Data recovery uses three functions. Search for a topic. It is needed in cases when the required section was not found automatically.
- to start you need to select the «find partition». After some time the system displays a list of all available partitions;
- you must then save the result. This will save valuable time today;
- then select the corresponding checkboxes and select «use selected»;
Scan. When you have found all the necessary sections, you can move on to the next stage:
- click «scan»;
- the result will be a message about the location and the type of the file system;
Tip: in some cases you may need to specify the encoding type.
- next you need to select the scanning algorithm. In our case, choose «restore file system». There is also the possibility to choose the search and further recovery of accidentally deleted files;
- by choosing appropriate parameters, run the program;
- after a while a folder will appear with the results of the scan. Save all your data;
Analysis of results and storage of data. To facilitate the work, the functionality of the program includes a preview. After reviewing all the results, put a check mark on the files (folders, arrays) that need restoration. In the end, choose «save selection». Now let’s consider more popular today program — R-Studio.
It is used mainly for simple tasks (for example, restoration of external drives) But with our job it is also easily cope.
In this case, all is fully automated, so the user is required a minimum of effort. Consider its use on the example of a simple RAID 5:
- first connect all the speakers to the PC. It must be done so that they were initiated as separate devices. Simply put, they do not need to include data arrays;
- it is also very important to connect them in series, so they decided in the correct order. If media more than five, it may cause obstruction;
- don’t forget to include the media that will be used as a backing store;
- suppose our array is in the three media;
- run the operating system. You need to make sure that all devices read right;
- learn settings. This can be done via the utility of RAID Reconstructor;
- Run the application R-Studio. To maximize its functionality, you must register the version;
- vybiraut Create Virtual Block RAID;
- now add to the participants. To do this, drag the mouse we need the section from left to right;
Important! When adding a order.
- when you have finished adding produced settings (type, size, blocks, etc.);
- when finished with the settings, click on Refresh.
If done right, you will see the partitions that can be restored. Otherwise it is better to contact the experts. Can use other means, for example, Recovery Diskinternals. Its use practically does not differ from the above-mentioned application.

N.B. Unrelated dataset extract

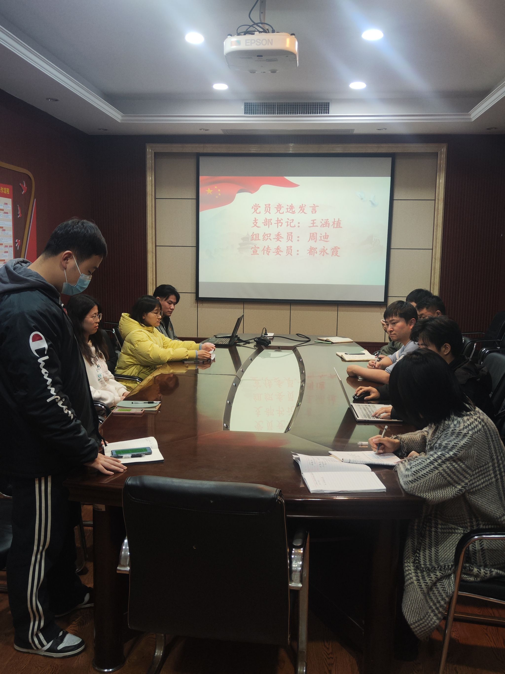 会议第一项,党支部情况介绍。由支部书记王子任同志代表支委会主持换届选举,王子任同志介绍了党支部情况,包括成立时间、党员组成、支委组成与分工,并对党支部支委调整作出了说明。

This is a more difficult path that only advanced users. Therefore, if you do not consider yourself to those, we strongly recommend you to give it up. The fact that admitting the slightest error will occur fatal consequences.
In General the essence of the process can be described as follows:
- the essence lies in the fact that the existing array is created again on the other controller. However, he must have absolutely identical configuration. This is not to use a rebild as it is possible to permanently lose all the data.
- this should take into account the fact that there are models of controllers that immediately after creating the array to start initializing. This will lead to critical errors;
- if all the media is OK, there is a probability of success of the operation. Otherwise, it is difficult to hope for a positive outcome;
- if the data is still recoverable, but partially. You can further work with the software like raid recovery for windows or similar.
In the end we will note that it is not necessary to deal with such systems, if you don’t have a set of defined skills and knowledge. It is better to invite a specialist to be confident in the outcome.